Hi this will sound strange..instead of trying to undo the nut give it a slight turn clockwise as though you are tightening it.
This sometimes will free up the gunk [not a technical term] in the nut.

Also try using an open ended spanner that fits the nut exactly.


----------



## wacor (Feb 22, 2005)

Any way you could get a picture of the outside.
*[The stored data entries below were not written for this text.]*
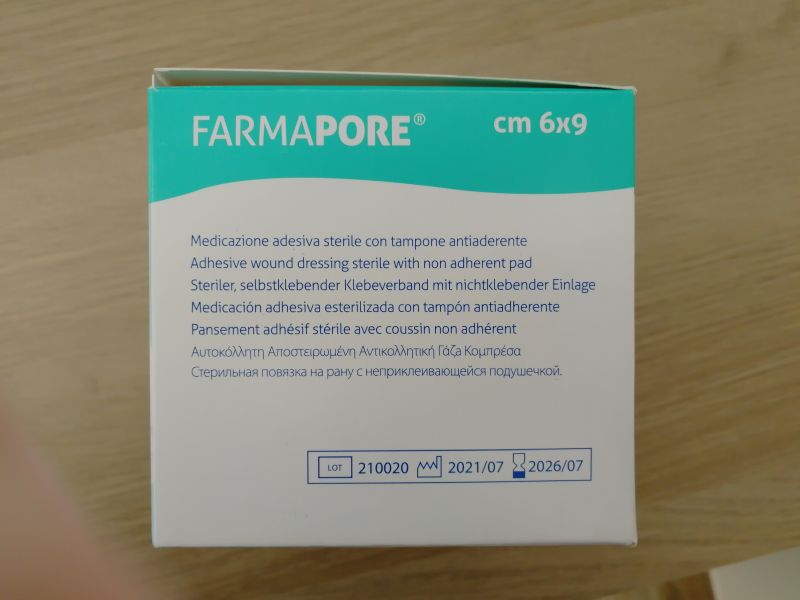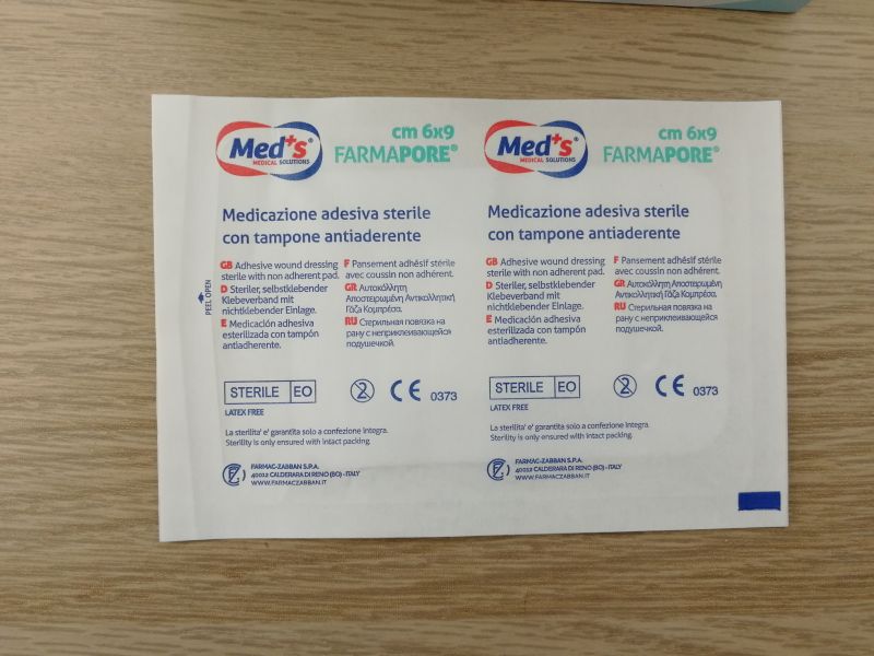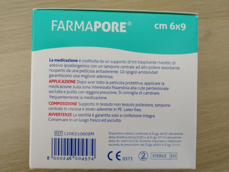 la medicazione è costituita da un supporto di tnt traspirante rivestito di adesivo ipoallergenico con un tamponde centrale ad alto potere assorbente ricoperto da una pellicola antiaderente. Gli spigoli arrotondati garantiscono una migliore aderenza.
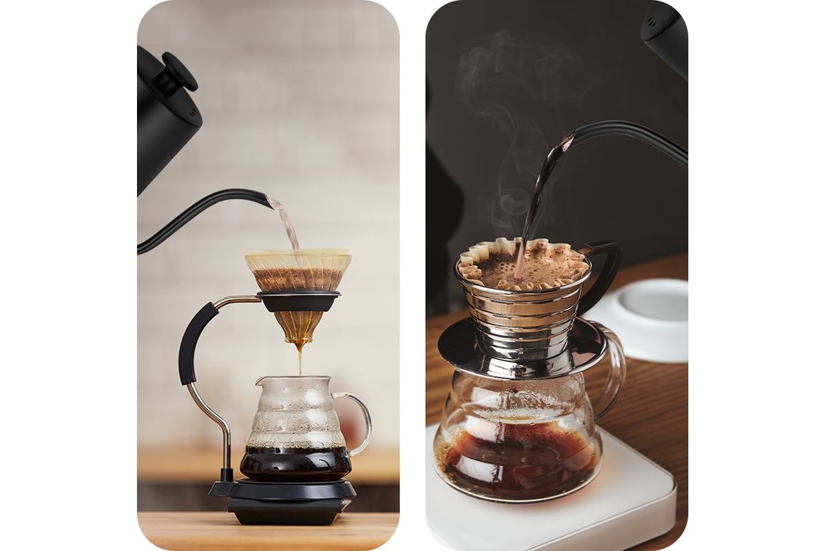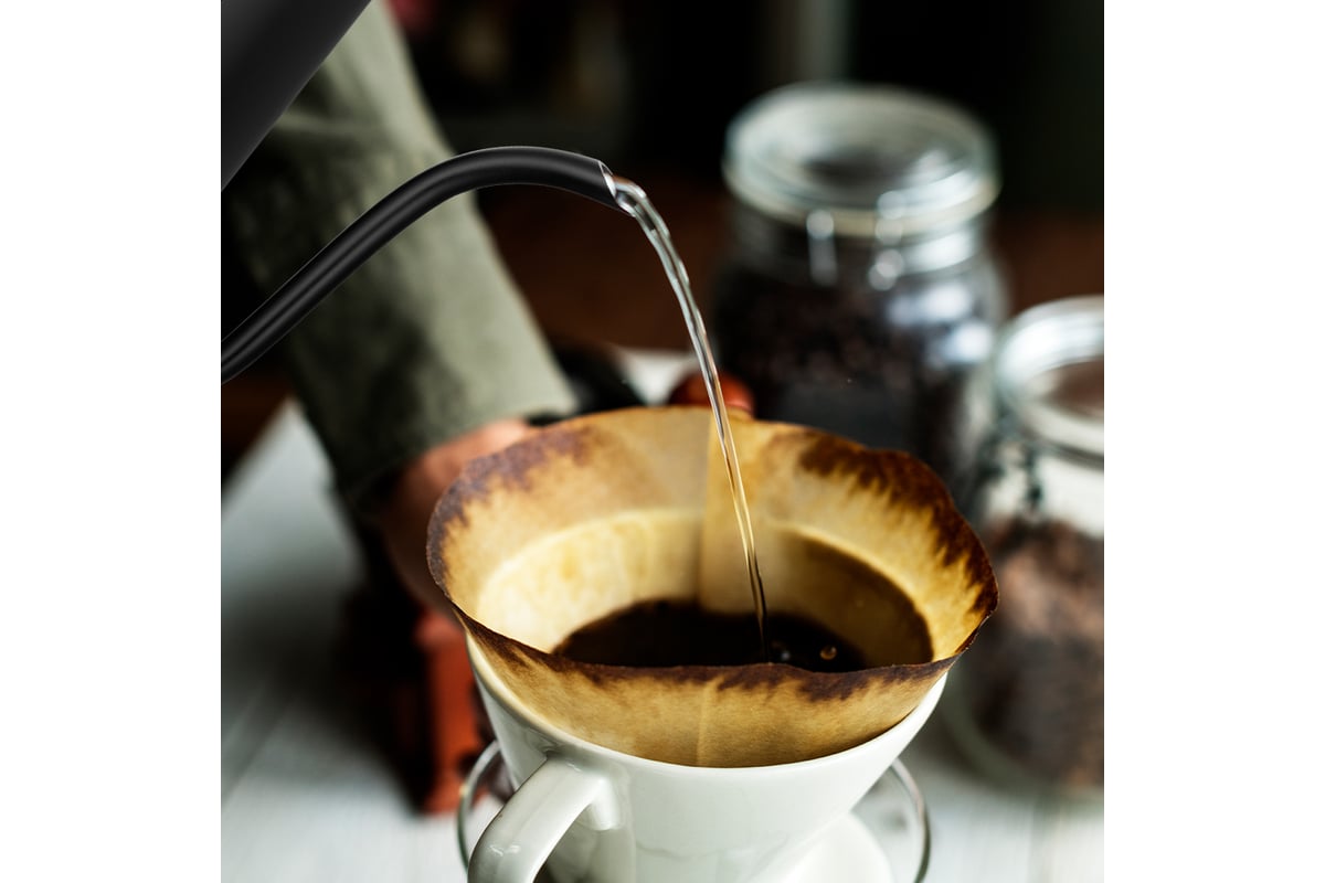 Длинный изогнутый носик чайника формирует тонкий и ровный поток воды, что является обязательным условием для приготовления кофе в кемексе или пуровере. Благодаря тонкому носику вы сможете постепенно и аккуратно добавлять воду в кофе, добиваясь равномерного процесса экстракции. Контролировать пролив воды с помощью обычного чайника неудобно, так как широкий носик не позволяет добиться точно направленного пролива воды с определенной скоростью, и в результате вкус и аромат кофе раскрывается не полностью.
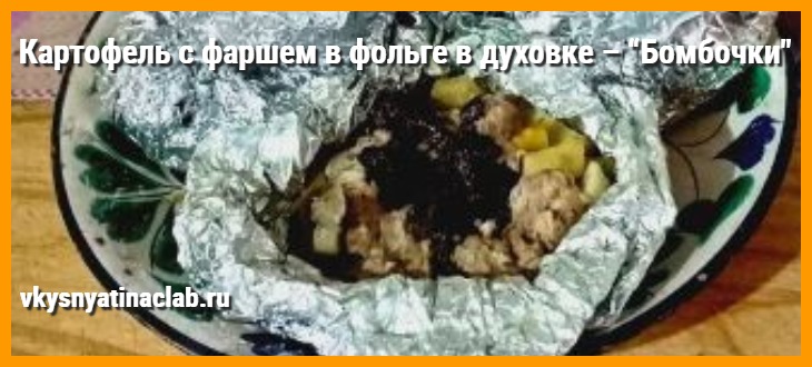 - Картофель с фаршем в фольге в духовке “Бомбочки” – готова. Приятного аппетита!
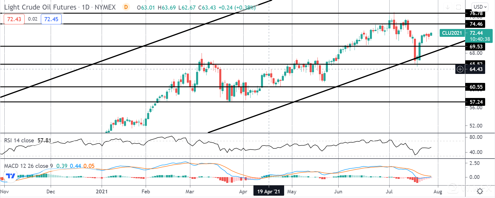 随着价格回到 69.53 的水平上方,短期内焦点仍然是进一步上行,74.46 和 76.78 是主要的上行目标。然而,鉴于近期高点的抛售,这里有必要保持谨慎,因为市场仍有跌至较低高点的风险,这表明有继续走低的空间。任何跌破 69.53 水平的突破都将否定看涨观点。
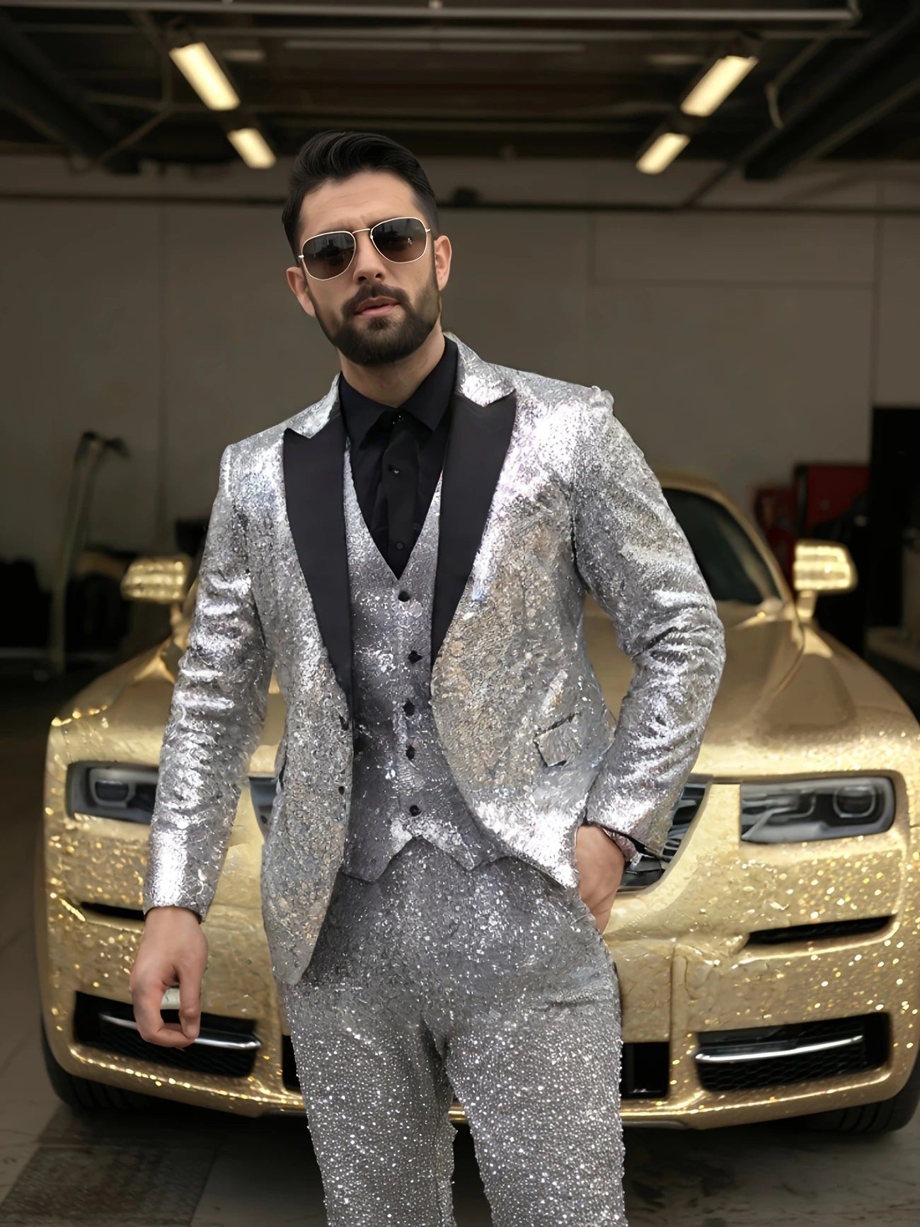 Herren Glamouröser Paillettenanzug mit schmaler Passform und elegantem Revers Aliams

I am a bit confused as to what you are describing.

are you unable to soldier? or is the pipe inside not accessible?


----------



## hewee (Oct 26, 2001)

You try turning it the other way?


----------



## shasta2 (Aug 29, 2007)

I will definately try turning it the other way a tad!!! and I'll let you know. 

wacor,I'm still trying to send a picture of it.

Thanks guys !!!


----------



## wacor (Feb 22, 2005)

shasta2 said:


> I will definately try turning it the other way a tad!!! and I'll let you know.
> 
> wacor,I'm still trying to send a picture of it.
> 
> Thanks guys !!!


the easiest way for me to post a pic is using photobucket

i never had luck sending as an attachment


----------



## hewee (Oct 26, 2001)

Just upload image to this site http://xs.to/ and then post the link here.


----------



## JohnWill (Oct 19, 2002)

hewee said:


> Just upload image to this site http://xs.to/ and then post the link here.
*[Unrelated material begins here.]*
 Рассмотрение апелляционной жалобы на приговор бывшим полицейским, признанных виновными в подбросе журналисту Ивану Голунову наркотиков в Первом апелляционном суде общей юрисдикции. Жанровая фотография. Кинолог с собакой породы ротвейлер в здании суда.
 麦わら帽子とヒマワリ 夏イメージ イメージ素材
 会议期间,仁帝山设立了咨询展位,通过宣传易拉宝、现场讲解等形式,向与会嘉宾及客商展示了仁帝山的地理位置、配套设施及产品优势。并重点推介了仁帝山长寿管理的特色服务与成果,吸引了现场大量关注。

*hewee*, why go to all that trouble, he can attach the post directly here. 

To post a screen shot of the active window, hold the _*Alt*_ key and press the *PrtScn* key. Open the Windows PAINT application and _*Paste*_ the screen shot. You can then use PAINT to trim to suit, and save it as a JPG format file. To upload it to TSG, open the full reply window and use the _*Manage Attachments*_ button to upload it here.


----------



## hewee (Oct 26, 2001)

Bigger image and size can be at other image hosting site the what you attach here.


----------



## JohnWill (Oct 19, 2002)

hewee said:


> Bigger image and size can be at other image hosting site the what you attach here.


There really is no reason to need more than 300kb JPG or GIF file for any graphic that you'll want to display here, so I fail to see the point.


----------



## shasta2 (Aug 29, 2007)

I'm sorry I haven't replied yet. I have been very busy with my friend who's sister died suddenly. Will post again soon with pics...
Shasta2


----------



## hewee (Oct 26, 2001)

JohnWill said:


> There really is no reason to need more than 300kb JPG or GIF file for any graphic that you'll want to display here, so I fail to see the point.


Some people don't know how to edit images or get the size down and have dig. cameras so it they take the picture and it is too big to upload here and they don't how to get the size down then they can just upload it to a host site without having to edit anything.


----------